Memory-induced transition from a persistent random walk to circular motion for achiral microswimmers

TL;DR

This study reveals that achiral microswimmers in viscoelastic fluids transition from random to circular motion due to memory effects, with their dynamics controllable by propulsion speed, challenging previous assumptions about symmetry and motion.

Contribution

The paper demonstrates experimentally and theoretically that memory effects in viscoelastic fluids induce a transition to circular motion in achiral microswimmers, a phenomenon not observed in Newtonian fluids.

Findings

Achiral microswimmers exhibit a transition to circular motion above a critical speed.

Circular orbits can spontaneously reverse direction and depend non-linearly on propulsion speed.
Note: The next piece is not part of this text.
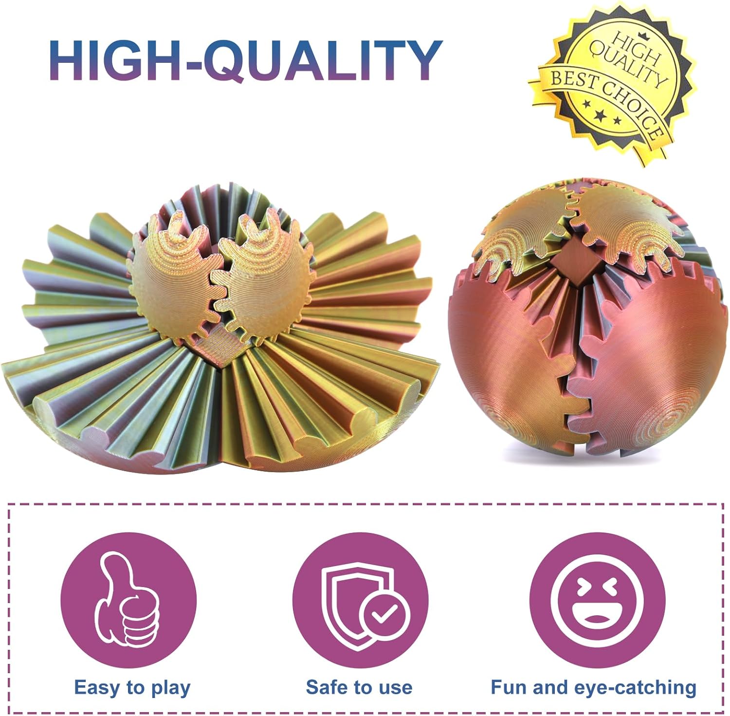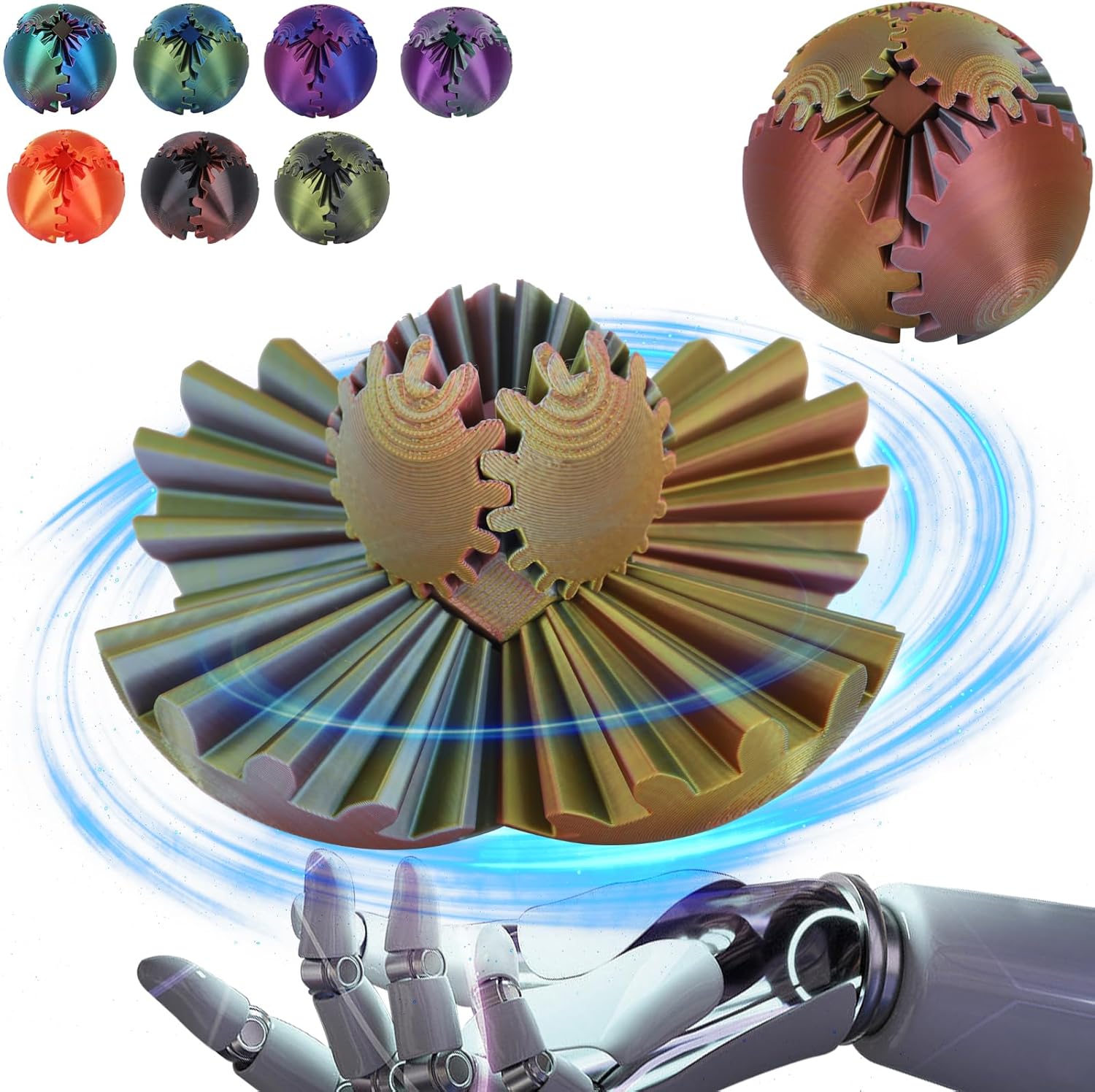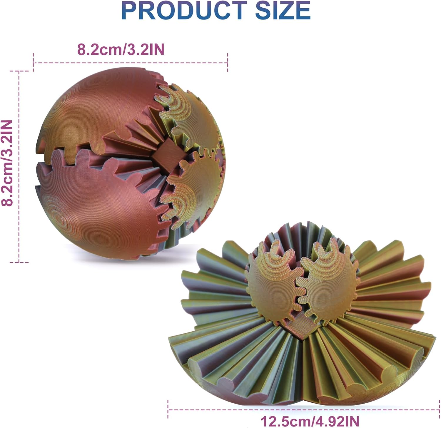- 【3d Printed Gear Ball】The gear ball features a complex array of interlocking gears that turn, twist, and articulate with a simple flick of your fingers. It's like holding a mini engineering marvel in your hand!

Memory effects in viscoelastic fluids cause non-Markovian dynamics leading to this transition.

Abstract

We experimentally study the motion of light-activated colloidal microswimmers in a viscoelastic fluid. We find that, in such a non-Newtonian environment, the active colloids undergo an unexpected transition from enhanced angular diffusion to persistent rotational motion above a critical propulsion speed, despite their spherical shape and stiffness. We observe that, in contrast to chiral asymmetric microswimmers, the resulting circular orbits can spontaneously reverse their sense of rotation and exhibit an angular velocity and a radius of curvature that non-linearly depend on the propulsion speed. By means of a minimal non-Markovian Langevin model for active Brownian motion, we show that these non-equilibrium effects emerge from the delayed response of the fluid with respect to the self-propulsion of the particle without counterpart in Newtonian fluids.